Mertens A, Friebe W G, Müller-Beckmann B, Kampe W, Kling L, von der Saal W
Department of Chemistry, Boehringer Mannheim GmbH, Mannheim, West Germany.
J Med Chem. 1990 Oct;33(10):2870-5. doi: 10.1021/jm00172a031.

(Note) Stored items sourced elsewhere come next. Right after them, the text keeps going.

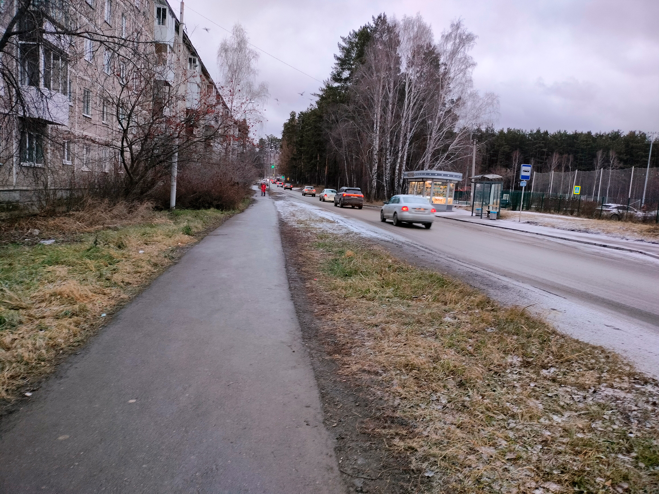 Микрорайон Компрессорный, Екатеринбург. Нет ограждения тротуара центральной дороги возле дома по ул. Латвийская, 36. По данному тротуару дети идут в школу, машины иногда идут на обгон, дети иногда толкаются друг с другом, а в метре от тротуара идет дорога, очень небезопасно.
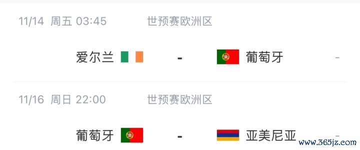 葡萄牙世预赛最后两场分别对阵爱尔兰和亚美尼亚, 欧冠下轮取胜即可晋级。
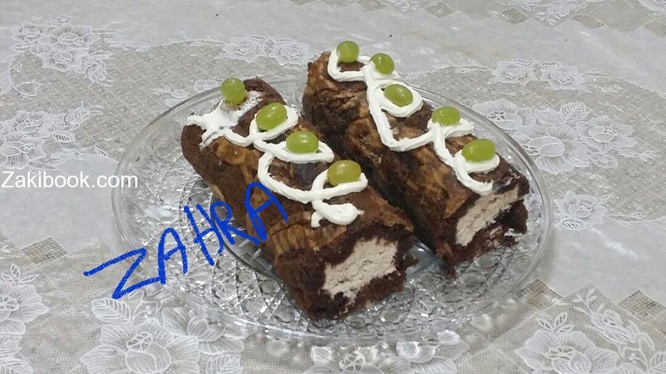 وبعدين حطي خليط الكيك ودخليها الفرن من 10 دقائق إلى 15 دقيقة لحد ما تستوي وبعد ما يطلع من الفرن ادهني الكيكة مربه وكريمة ولفيها وهي سخنه وحطيها بالفريزر حتى تتماسك وبعدين طلعيها وقطيها وقدميها وصحتين وهناء
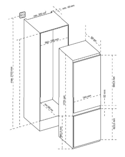 Sharp SJ-BE235E2XS-EU Εντοιχιζόμενος Ψυγειοκαταψύκτης 233lt, NoFrost, E (Υ177xΠ54xΒ54,5εκ)
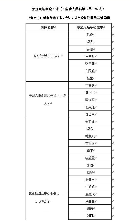 按照《陕西艺术职业学院公开招聘工作人员管理办法(暂行)》和招聘公告要求,经网上报名资格初审,现将符合开考条件岗位和资格初审名单公布(名单见附件1),并对现场审验及考试做如下通知:
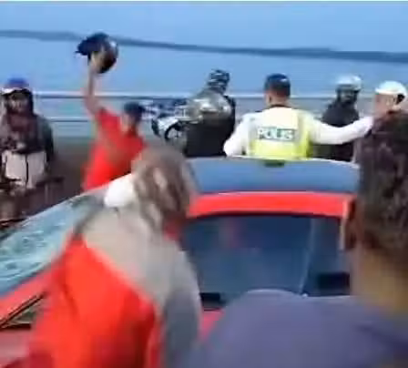 路過的麻坡騎士用頭盔怒砸肇禍轎車。
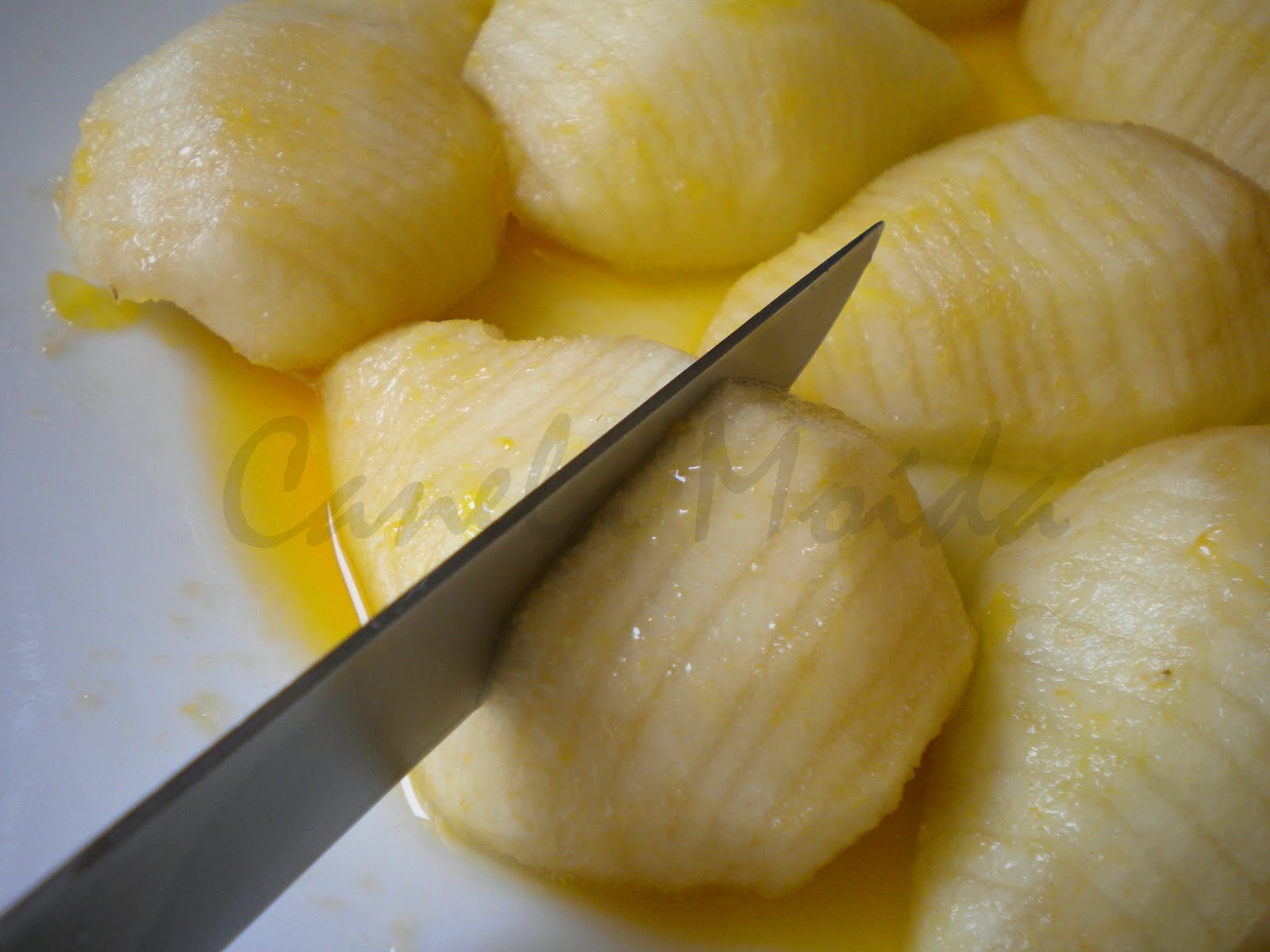4- Seque as pêras em papel de cozinha e coloque-as em círculo sobre a massa pressionando ligeiramente.

A series of substituted indolyldihydropyridazinones and related compounds 1-18 were synthesized and evaluated for positive inotropic activity. In rats, most of these indole derivatives produced a dose-related increase in myocardial contractility with little effect on heart rate and blood pressure. Compound 13, 4,5-dihydro-5-methyl-6-(2-pyridin-4-yl-1H-indol-5-yl)pyrazin-3(2H) -one (BM 50.0430), was further investigated in cats. The increase in contractility in this animal model was not mediated via stimulation of beta-adrenergic receptors. After oral administration of 1 mg/kg to conscious dogs, compound 13 and pimobendan were still active after 6.5 h. However, the cardiotonic effect of 13 was at least 2-fold that of pimobendan after this period of time. The structural requirements necessary for optimal cardiotonic activity within this novel class of indole derivatives are a heterocyclic aromatic ring in position 2, a hydrogen or a methyl group in position 3, and a dihydropyridazinone ring system in position 5 of the indole.
合成了一系列取代吲哚二氢哒嗪酮及相关化合物1 - 18,并对其正性肌力活性进行了评估。在大鼠中,大多数这些吲哚衍生物可使心肌收缩力呈剂量依赖性增加,而对心率和血压影响较小。化合物13,4,5 - 二氢 - 5 - 甲基 - 6 - (2 - 吡啶 - 4 - 基 - 1H - 吲哚 - 5 - 基)吡嗪 - 3(2H) - 酮(BM 50.0430)在猫身上进行了进一步研究。在该动物模型中,收缩力的增加并非通过刺激β - 肾上腺素能受体介导。给清醒犬口服1 mg/kg后,化合物13和匹莫苯丹在6.5小时后仍有活性。然而,在此时间段后,13的强心作用至少是匹莫苯丹的2倍。这类新型吲哚衍生物中产生最佳强心活性所需的结构要求是:2位有一个杂环芳环,3位有一个氢或甲基,吲哚5位有一个二氢哒嗪酮环系统。